Time has been her friend. Prettier than ever. This is "her" rock, and as it turns out, she is stronger than it is.

Handing out cannoli's and upon the initial meeting was a sure way to remain the most popular person in the park.

Oh, dear God...You have made it so beautiful, even here, in the center of man-made monuments that reach to the skies.  How I thank You for this day!

The children are crying tired cries and whiny whines. We are all spent. The light is red. The Waldorf is to my left, beckoning the sophisticated woman buried deep, deep within. I have time to bolt out of the van, blow them a kiss and check myself in. They know I would come back eventually, right?

My body is not crafted to easily extract fruit snack packs from the back seat floor with my feet still on the center console. As I am laying perpendicular to the van ceiling, reaching for the gummy fruit 'basket', I look up. "Children! Look out the windows now!! This is an intersection that many people from all over the world come to see. What? Oh yes. Here's your fruit snack."

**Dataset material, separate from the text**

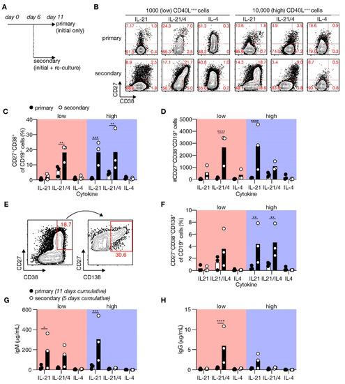 3.4. Secondary Cultures Including CD40L/IL-21 Drive Optimal ASC Differentiation

Nothing like a dinner at Subway right in the heart of downtown Newark. This is good. Maybe it is the loud R&B rocking the joint, but our let's-keep-this-train-on-it's-tracks rhythm is starting to fall apart. This is not good. I once thought of Newark as a dangerous city...but now i find my self fleeing it because of TWASTFO!!!

Ahhhh....good timing. And hear their little cheers?! "Rick! Rick! Rick!" I am so glad he's part of us, and coming home tonight. I am not his mama, but he's one of us.
"I just want to give you lots of hugs when we get home, Rick".  This day, full of counting heads and keeping alert, watching them see things for the first time and see one they have missed so much...this is a GIFT, and one that I intend to reopen again and again. Giving thanks. It is a way of life, it is the acknowledgment of the gift an ordinary moment holds, the embrace of simple goodness.


For His Glory said…
I would not have believed it without the pictures!!! It looked lovely - as did you. Happy Thanksgiving!